Besondere Wasserbenutzung an öffentlichen Gewässern und privaten Tagwässern.

§ 9. (1) Einer Bewilligung der Wasserrechtsbehörde bedarf jede über den Gemeingebrauch (§ 8) hinausgehende Benutzung der öffentlichen Gewässer sowie die Errichtung oder Änderung der zur Benutzung der Gewässer dienenden Anlagen.
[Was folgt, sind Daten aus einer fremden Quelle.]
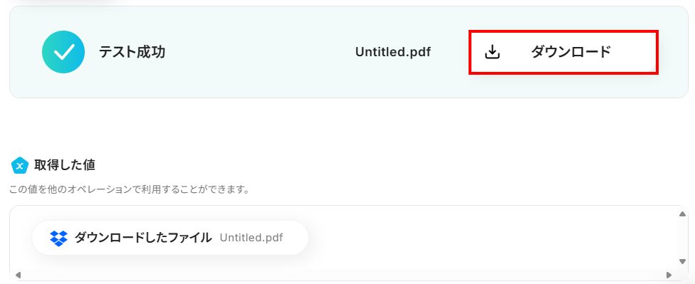 成功すると下記のような画面になり。「取得した値」欄にDropboxの情報が反映されているはずです。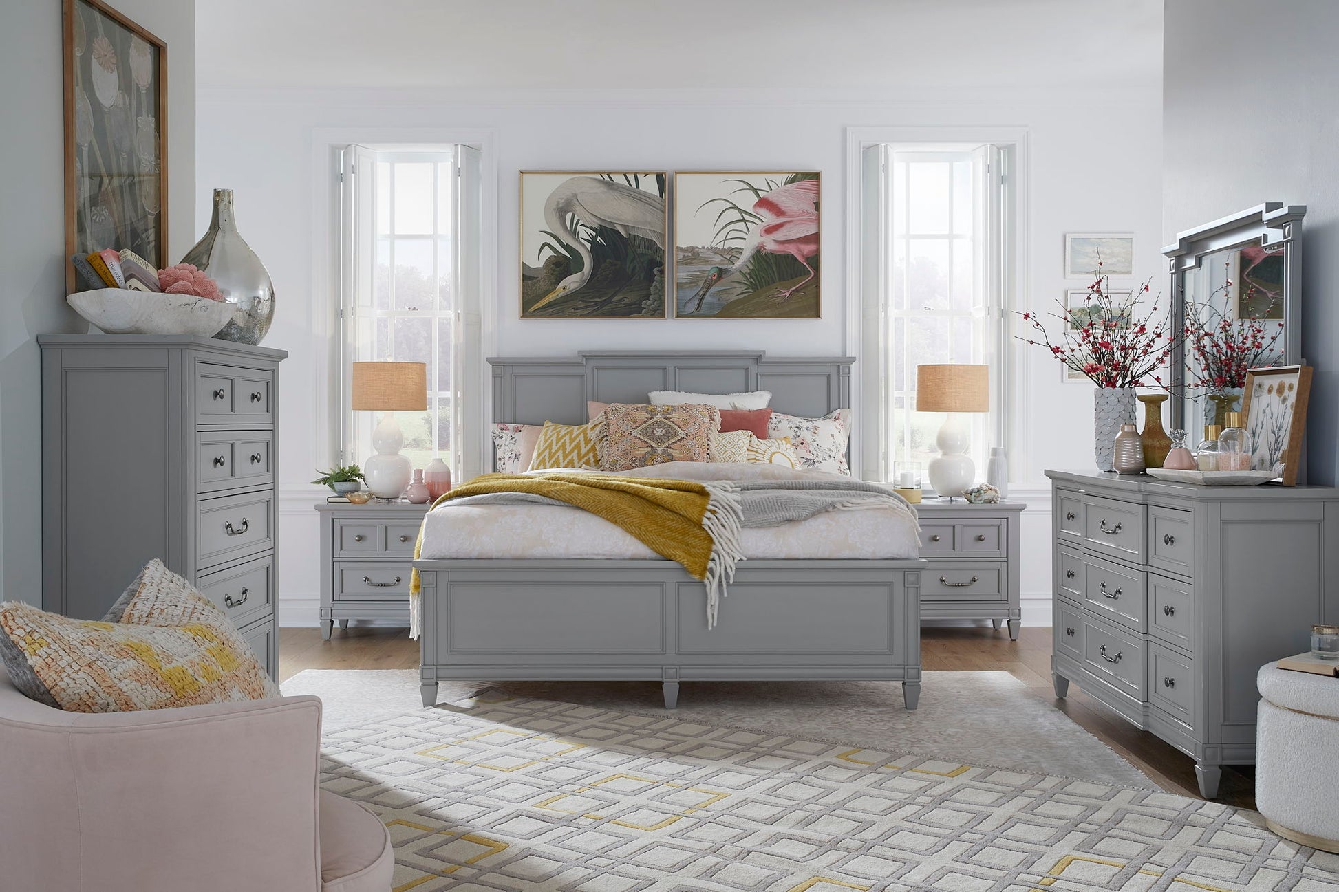 With casual traditional roots, the Glenbrook bedroom collection offers an array of inspiring design details. Its timeless silhouettes and classical design elements feel familiar yet refreshed and are sure to enhance any bedroom. A soft, easygoing Pebble finish brings to life its Birch veneers and hardwood solids while complementing any decor scheme. These classic designs feature panel detailing and metal hardware in Tarnished Silver that lends a touch of sparkle and reflectivity to the room. Storage pieces merge function and fashion to ensure there's a place for everything and everything has its place. Creating a beautifully functional bedroom has never been easier than with the smart styling of these Glenbrook furnishings

Grundsätze für die Bewilligung hinsichtlich öffentlicher

Interessen

und fremder Rechte.

§ 12. (1) Das Maß und die Art der zu bewilligenden Wasserbenutzung ist derart zu bestimmen, dass das öffentliche Interesse (§ 105) nicht beeinträchtigt und bestehende Rechte nicht verletzt werden.

(2) Als bestehende Rechte im Sinne des Abs. 1 sind rechtmäßig geübte Wassernutzungen mit Ausnahme des Gemeingebrauches (§ 8), Nutzungsbefugnisse nach § 5 Abs. 2 und das Grundeigentum anzusehen.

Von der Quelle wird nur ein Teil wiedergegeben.